On MySQL8 it takes 0.8s
On MySQL5.7 it takes less then 0.1s

Both these results use the same query and the same database, the only difference is the MySQL version. This problem only seems to occur on big datasets, I can supply such a data-set on request for testing purposes.
[17 May 2021 8:27] Wil Williams
I have just upgraded to MySQL 8 (Ubuntu upgrade using 20.04) and experienced this issue. In short queries go from a fraction of a second to 5-10 seconds or more. I still have an old MacBook Air (10 years old) with he same data on it. The machine upgraded to MySQL 8 is a 2 year old Metabox.

In short, old machine takes "0.00" seconds, newer machine with upgrade 6-10 seconds. Table has 1100323 rows containing contour features (1.5G contours.MYD).

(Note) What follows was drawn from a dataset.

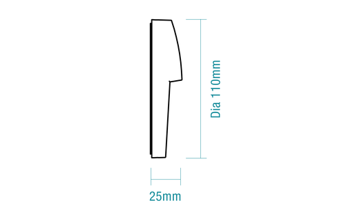DIMENSIONS: 110mm (diameter) x 25mm (projection)
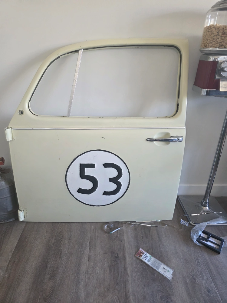 Selling a car door that looks like it's from Herbie the Love Bug! It has the number 53 on it. It appears to be from a Volkswagen Beetle. Great for a collector or someone restoring a classic car its a 1972 vw door art piece

Server version: 5.7.24-0ubuntu0.16.04.1 (Ubuntu)
mysql> SELECT id FROM data.contours WHERE ( MBRIntersects(shape,ST_GeomFromText('POLYGON((115.7614517211914 -32.09939956665039,115.77835845947266 -32.09939956665039,115.77835845947266 -32.08985137939453,115.7614517211914 -32.08985137939453,115.7614517211914 -32.09939956665039))', 0 )) );
34 rows in set (0.00 sec)

Server version: 8.0.25-0ubuntu0.20.04.1 (Ubuntu)
mysql> SELECT id FROM contours WHERE ( MBRIntersects(shape,ST_GeomFromText('POLYGON((115.7614517211914 -32.09939956665039,115.77835845947266 -32.09939956665039,115.77835845947266 -32.08985137939453,115.7614517211914 -32.08985137939453,115.7614517211914 -32.09939956665039))', 0 )) );
34 rows in set (5.88 sec)

mysql> SELECT id FROM contours WHERE ( ST_Within(shape,ST_GeomFromText('POLYGON((115.7614517211914 -32.09939956665039,115.77835845947266 -32.09939956665039,115.77835845947266 -32.08985137939453,115.7614517211914 -32.08985137939453,115.7614517211914 -32.09939956665039))', 0 )) );
10 rows in set (9.72 sec)

mysql> SELECT id FROM contours WHERE ( ST_Intersects(shape,ST_GeomFromText('POLYGON((115.7614517211914 -32.09939956665039,115.77835845947266 -32.09939956665039,115.77835845947266 -32.08985137939453,115.7614517211914 -32.08985137939453,115.7614517211914 -32.09939956665039))', 0 )) );
27 rows in set (9.82 sec)
[17 May 2021 14:24] MySQL Verification Team
The performance was improved over 8.0.15.